■ Task directions
Pictures stay out of the output. Return exactly the lines below from the one with "Parish church of" down to the one with "Elisha Payne House", both included, and nothing more.

■ Material provided

[Start of Attachment]

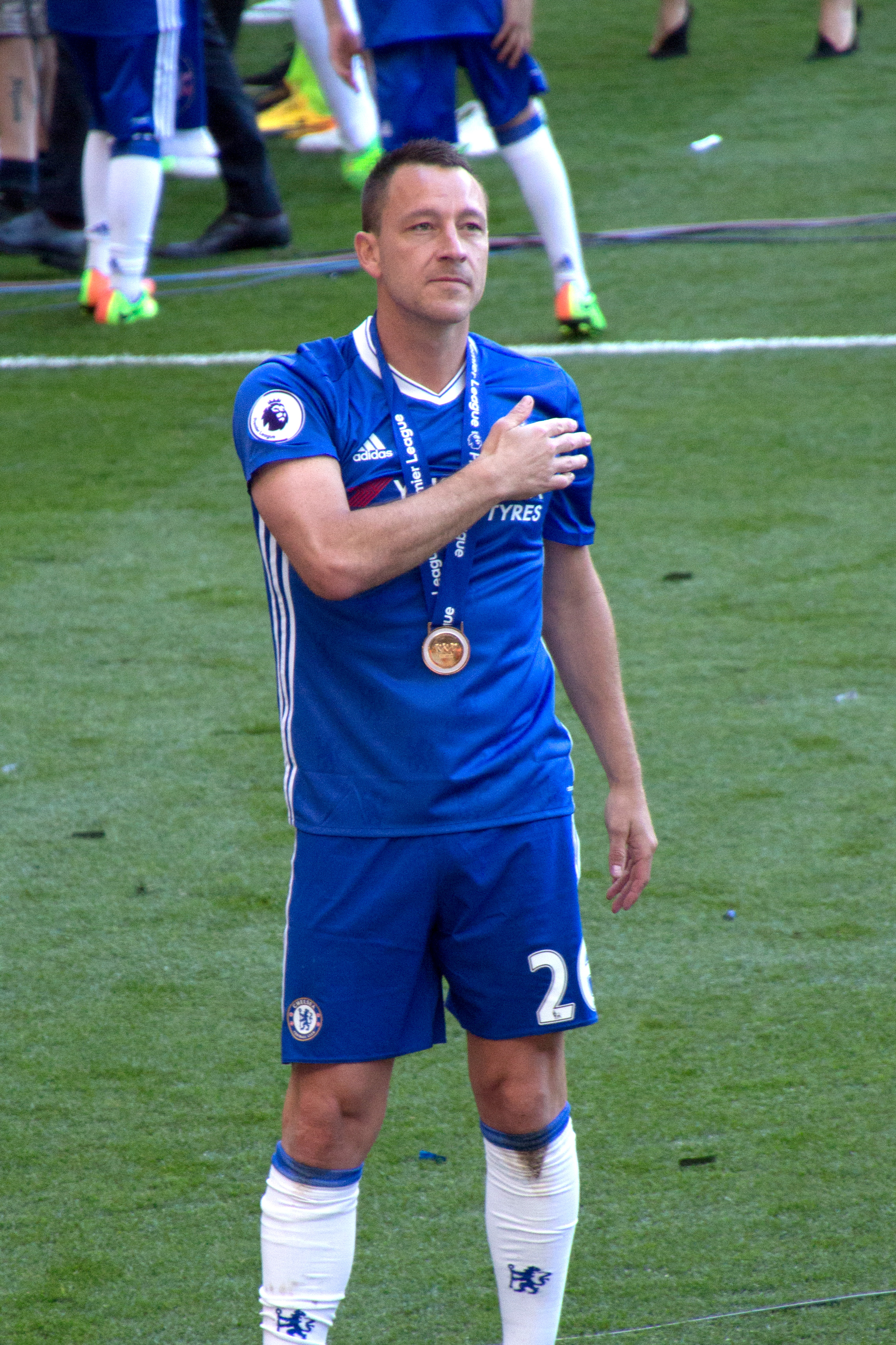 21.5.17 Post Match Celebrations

[End of Attachment]
[Start of Attachment]

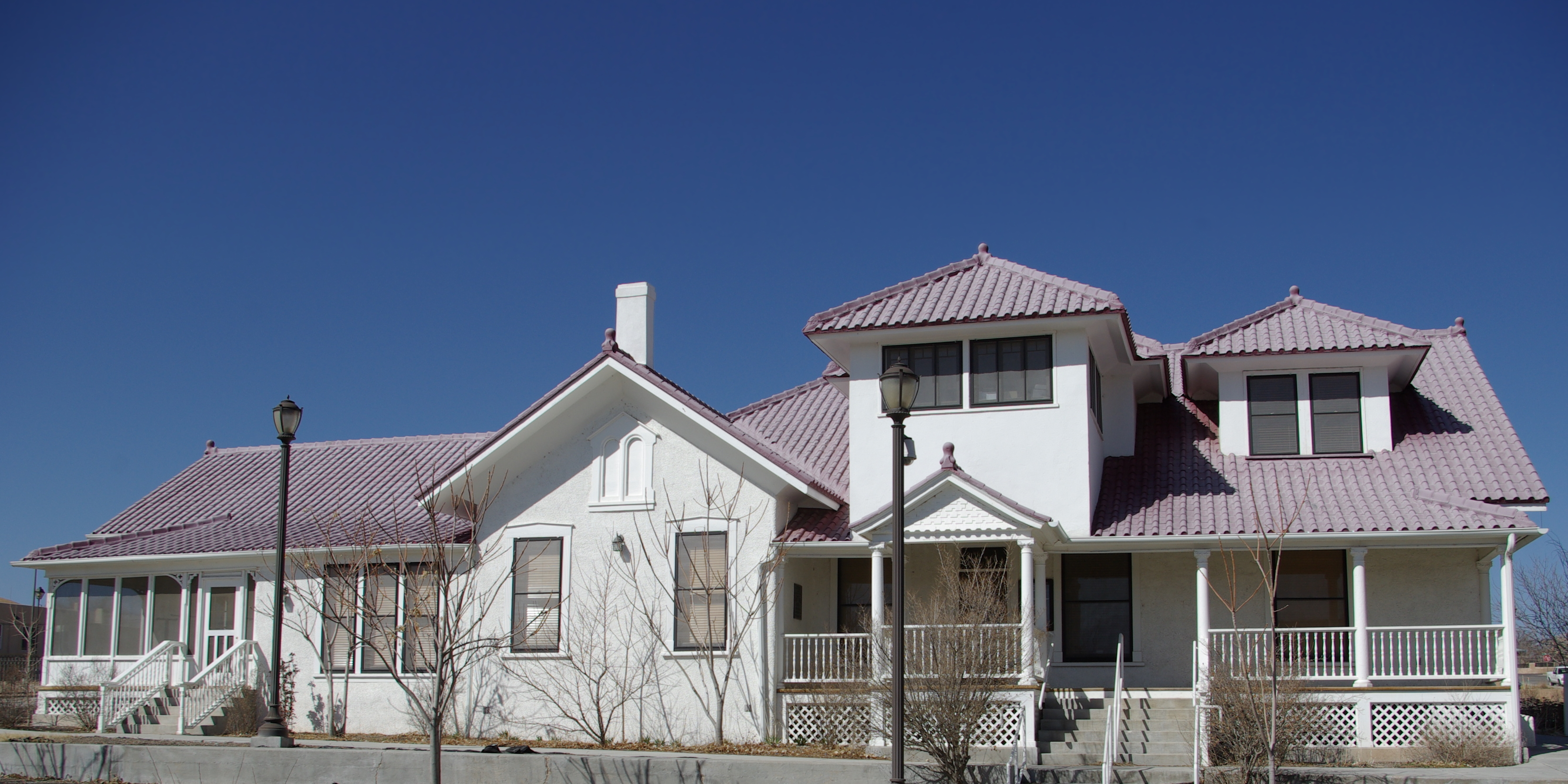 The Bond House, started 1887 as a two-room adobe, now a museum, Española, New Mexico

[End of Attachment]
[Start of Attachment]

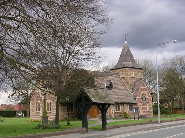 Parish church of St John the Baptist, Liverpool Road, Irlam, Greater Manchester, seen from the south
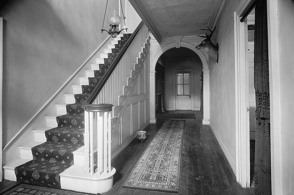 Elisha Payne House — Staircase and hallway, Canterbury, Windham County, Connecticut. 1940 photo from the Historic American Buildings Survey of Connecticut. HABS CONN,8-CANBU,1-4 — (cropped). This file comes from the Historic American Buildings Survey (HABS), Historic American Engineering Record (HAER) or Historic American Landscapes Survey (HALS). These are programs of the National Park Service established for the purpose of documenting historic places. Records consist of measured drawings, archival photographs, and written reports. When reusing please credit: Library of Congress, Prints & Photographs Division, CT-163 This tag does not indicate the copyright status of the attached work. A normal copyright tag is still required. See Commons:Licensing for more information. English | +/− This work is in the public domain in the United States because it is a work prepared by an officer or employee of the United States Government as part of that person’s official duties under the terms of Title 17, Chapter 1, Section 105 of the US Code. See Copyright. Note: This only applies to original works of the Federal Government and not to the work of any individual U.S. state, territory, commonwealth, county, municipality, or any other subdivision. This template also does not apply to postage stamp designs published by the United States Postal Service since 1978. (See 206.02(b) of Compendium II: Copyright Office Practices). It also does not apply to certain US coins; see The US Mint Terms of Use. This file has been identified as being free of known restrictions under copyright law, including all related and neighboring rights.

[End of Attachment]

■ Answer section
 Parish church of St John the Baptist, Liverpool Road, Irlam, Greater Manchester, seen from the south
 Elisha Payne House — Staircase and hallway, Canterbury, Windham County, Connecticut. 1940 photo from the Historic American Buildings Survey of Connecticut. HABS CONN,8-CANBU,1-4 — (cropped). This file comes from the Historic American Buildings Survey (HABS), Historic American Engineering Record (HAER) or Historic American Landscapes Survey (HALS). These are programs of the National Park Service established for the purpose of documenting historic places. Records consist of measured drawings, archival photographs, and written reports. When reusing please credit: Library of Congress, Prints & Photographs Division, CT-163 This tag does not indicate the copyright status of the attached work. A normal copyright tag is still required. See Commons:Licensing for more information. English | +/− This work is in the public domain in the United States because it is a work prepared by an officer or employee of the United States Government as part of that person’s official duties under the terms of Title 17, Chapter 1, Section 105 of the US Code. See Copyright. Note: This only applies to original works of the Federal Government and not to the work of any individual U.S. state, territory, commonwealth, county, municipality, or any other subdivision. This template also does not apply to postage stamp designs published by the United States Postal Service since 1978. (See 206.02(b) of Compendium II: Copyright Office Practices). It also does not apply to certain US coins; see The US Mint Terms of Use. This file has been identified as being free of known restrictions under copyright law, including all related and neighboring rights.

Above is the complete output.